Uzun zamandan beri ilk defa askıya alıyorum hayatı. Hep orada ailem ve sevdiklerimle yaşasam keşke diyorum. Tek derdim denizden ne kadar balık çıkacak, şarapların tadı nasıl olacak, adada havalar nasıl gidecek olsun istiyorum. Kaldırımda kan yerine, tepelerde rüzgar güllerinin olduğu o adada yaşamak istiyorum.
Nayat yerine "Hayat"
Üç gün boyunca kendime verdiğim sözleri tutabiliyorum. Dönüş vakti geliyor, yola çıkıyoruz, istemsiz bir yol alış bu. Dönüşte yağmur bastırıyor, göz gözü görmüyor, hava da kararıyor, yol saatlerce sürüyor. Mola için bir benzincide duruyoruz. O sırada Jandarma bir aracı iple çekerek benzinciye getiriyor. Orada bırakıyor.
Arabadan inen kadın camımızı tıklatıyor, "Arabamız bozuldu, Jandarma bizden ancak bu kadar dedi, bizi de aracınıza alır mısınız? Sefaköy’e gideceğiz" diyor. Biz de kabul ediyoruz. Kadın kocasıyla konuşmaya gidiyor.
O sırada arkadaşlarımdan birisi hemen şöyle diyor "Ermeni olduğumuzu saklayalım, ne olur ne olmaz, bakarsın başımıza olmadık yerde bir iş gelir... T sen Mehtap ol, S sen Serhat ol, Nayat sen de Hayat… Takma isimler buluyoruz o üç dakikada... Ben ise, "Neden saklıyorsunuz ki, ne utanılacak bir kimliğe sahibiz ne de korkutacak?" diye karşı çıkıyorum..

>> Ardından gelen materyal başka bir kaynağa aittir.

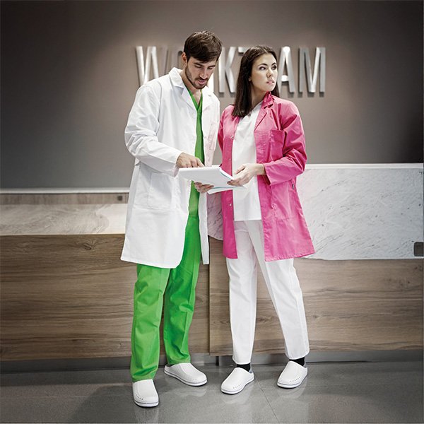 Batas largas o cortas en tejidos cómodos, que aportan una apariencia limpia y profesional, reforzando la imagen de confianza en clínicas y consultas.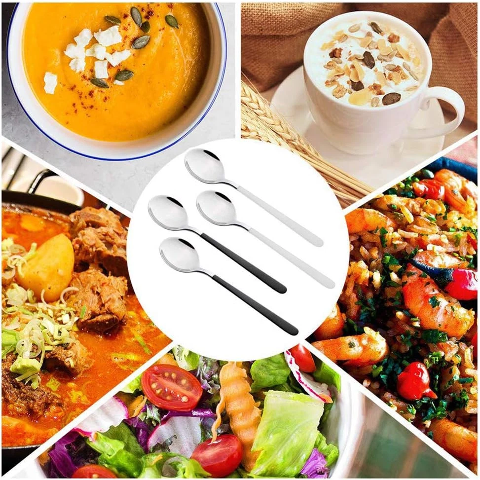 Store New Arrivals Add to Favorite View Feedback Contact 4-Piece Stainless Steel Dinner Spoons with round Edge, 8 Inches Comfort Long Handle Table Spoon, Mirror Polished Flatware Utensils Dishwasher Safe, for Home Kitchen Restaurant (2 Black & 2White) Description Style Classic,Simple Color 2 black & 2white Material Stainless Steel Is Dishwasher Safe Yes Package Dimensions 3.9 x 1.5 x 0.39 inches Item Weight 10.6 ounces Product Dimensions 8.07"L x 1.57"W Number of Pieces 4 Premium Quality Material: The design, materials, weight and balance are tactile indicators of a level of quality. Our serving spoons set are made of high grade stainless steel. Extra-Fine stainless steel construction, effective heat insulation, comfortable grip, easy to maintain form is designed to resist rust and corrosion, while also ensuring long-lasting color and shine Mirror Polished Spoons: Mirror finished surface, smooth edge no rough spots, proper gauge thickness and weight to hold comfortably, you need not worry about cutting your skin or mouth. Simple appearance with no redundant annoying decoration, classic design, the subtle curves and bright mirror finish will to fit any style kitchen tableware Serve Food in Safe: Why choice this stainless steel serving spoon? You can say goodbye to the unhygienic and cheap plastic or bamboo utensils. Use this sturdy and shiny steel serving utensils, without pollution. With products that can cope with regular use and being cleaned in the dishwasher without being damaged Show Super Taste of Life: They are good choice to be spoon set for dining table, kitchen, camping, travel, banquet serving, wedding and party. Suitable for as desserts spoon and iced tea, coffee, root beer floats, cocktail stirring spoons. Very suitable for high taste home use, high grade restaurant, hotel or other big occasions, delivers a straightforward elegance to compliment any tabletop setting Perfect for Your Dinner Table: An attractively set table is almost as important to a great meal as the food. Our spoons silverware package includes four 8 Inches dinner spoons serving for 4 peoples ✅An attractively set table is almost as important to a great meal as the food. Our XEMZ spoon set includes four 8 Inches dinner spoons serving for 4 people can delivers a straightforward elegance to compliment any tabletop setting. ✅Our XEMZ spoon set are made of premium stainless steel, can resist rust and corrosion, while also ensuring long-lasting color and shine. ✅Mirror finished surface, smooth edge no rough spots, proper gauge thickness and weight to hold comfortably, you need not worry about cutting your skin or mouth. ✅They are lightweight and easy to carry. And we have three sets to choose, are 4 black spoons, 4 white spoons or 2 black and 2 white spoons. Specification: Height :20.5cm/ 8.07inch. Width : 4cm/ 1.57inch. Weight : 46g/ 0.1lb. Package Include: 4 x Spoon. Note: Please use soft cloth and warm water to wash the spoon. Do not use metal ball or other rough tools to wipe,otherwise the surface will leave scratches. ABOUT US We offer the best prices around on high quality products. Our E-store includes media such as books, movies, music and games while offering electronics, toys, sporting apparel, clothing, tools, general home, garden items and more. SHIPPING We are always working hard to ensure your package arrives as soon as possible. Please understand that some factors like weather, high postal traffic, and the performance of shipping companies are outside of our control. We offer free shipping to the lower 48 states and ship within 2 business days of payment, usually sooner. We do not accept P.O. Boxes. Please provide a physical address. For shipping outside of the continental USA, we only use eBay's Global Shipping Program.The item is shipped to KY and then sent to the rest of the world. International customers are responsible for all duties and taxes. Continue to check out in order to calculate costs for shipping the item to your country. Messages regarding eBay's Global Shipping Program MUST be directed at eBay EXCLUSIVELY. RETURNS We offer a 30-Day Return Policy on items which you are not completely satisfied with. You have the option for a full-refund or an exchange of the item. No returns are available on items shipped outside of the USA. PAYMENT We accept PayPal. CONTACT US This page content is yet to come Please ad us to your favorite seller and visit again later Thank You CUSTOMER SATISFACTION We try our very best to make sure every customer is completely satisfied. If there's a problem, message us! We're happy to help. WE ACCEPT Copyright © 2021 AutoDS. | All Rights Reserved

Ama aslında korkanın bizler olduğunu çok iyi biliyorum. 10 aylık ötekileştirme, damgalama, dışlama ve milliyetçilikle ilgili olan sürecin özeti o üç dakikalık zaman dilimi içinde gerçekleşiyor.

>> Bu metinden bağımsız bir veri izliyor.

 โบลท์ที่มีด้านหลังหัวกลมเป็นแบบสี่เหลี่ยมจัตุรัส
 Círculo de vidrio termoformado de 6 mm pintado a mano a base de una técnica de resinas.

Bir sene önce olsaydı ne yapardık?
Kim?-liğimizi yeniden kurguluyoruz. Kimlik kelimesi içinde "Kim?" Sorusunu barındırdığı için bu soruya farklı isimlerle cevap vermeyi tercih ediyoruz bazen. "Kim" sorusunun cevabını değiştirmek zorunda kalarak kendimizden, geçmişimizden kaçıyor ve yeni isimler bizim sığınağımız oluyor bir süreliğine. En vahimi ve en onarılmaz olan şey suratıma çarpıyor.

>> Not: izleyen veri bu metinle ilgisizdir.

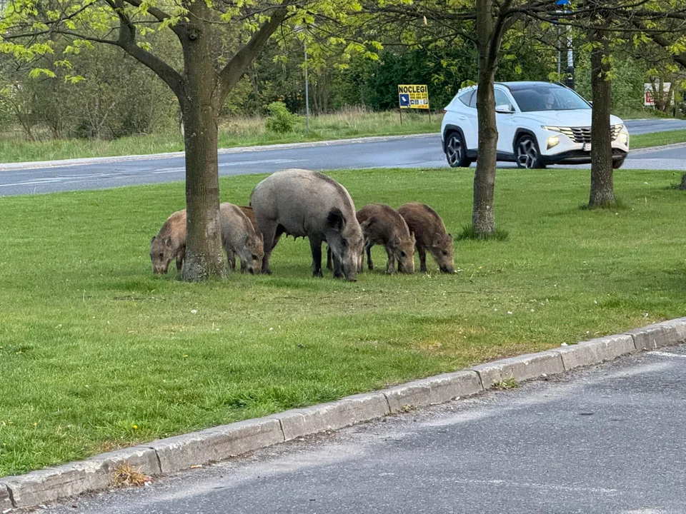 Zwierzaki bez żadnego skrępowania spacerowały w weekend po parkingu przylegającym do centrum handlowego Tulipan przy alei Piłsudskiego. Locha wraz z pięcioma warchlakami przechadzała się po trawnikach, poszukując prawdopodobnie pod drzewami owoców. Robiła to ku uciesze przechodniów i kierowców, na widok dzikich zwierząt wyciągali telefony komórkowe i robili zdjęcia.
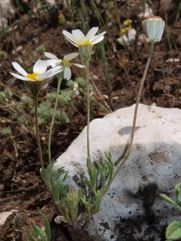Nur wenige Monate im Frühjahr zu sehen: Castrilanthemum debeauxii, eine der seltensten Pflanzenarten der iberischen Halbinsel, findet sich auf einigen Bergrücken (Sierras) Ostandalusiens.

Ne denli güvenimizi kaybettiğimizi ve bunun bünyemizde ne denli gerilimler yaratığını o gece orada bir kez daha görüyorum. Sonra düşünüyorum acaba bir sene evvel aynı durumda yine aynı sahneyi yaşar mıydık? Büyüklerimizin çoğunun bugüne kadar çift kartvizitle dolaşmak zorunda kalmış olmasını bilmeme rağmen, kendi neslim için cevabın ne olacağını çok iyi bilemiyorum. İskambil kağıtlarından kuleler yapar gibi inşa ettiğimiz her şeyin derinden gelen bir rüzgar tarafından devrildiğini ve o kuleleri bir daha kurmanın çok güç olduğunu bilmek canımı acıtıyor.
"Nayat"ın yerine "Hayat" olmak yani sadece bir ‘H’ harfi mi beni kurtaracak, insanlık nerede kaldı?" diye soruyorum kendime. Hem ben Hayat olmuşum karşımdaki Ahmet olarak doğup insan olamamışsa benim "H" harfim mi karşımdakini daha insan, daha vicdanlı veya hoşgörülü kılacak?
Bana Ermeniliğimden dolayı kötü davranan, eminim ki başkalarına başka sebeplerden dolayı türlü türlü fenalıklar yapıyordur..
Bunların muhakemesini yaparken, yolda mağdur kalan adam arabaya yaklaşıyor, beklediğimiz için teşekkür ediyor, servise haber verdiğini orada bekleyeceklerini söylüyor. Biz ise aklımız biraz onlarda, hafiften de, bir ne olur ne olmaz tedirginliğini üzerimizden atmanın rahat(sız)lığıyla yola devam ediyoruz.
Tüm güven-siz-liğimiz ile kaygan, yağmurlu ve zifiri karanlık yoldan, kaygan ve karanlık ,kanla kirletilmiş İstanbul’a, damgalanmış kim?-liğimiz ve zedelenmiş ben-liğimiz ile adım adım yaklaşıyoruz…(NK/NZ)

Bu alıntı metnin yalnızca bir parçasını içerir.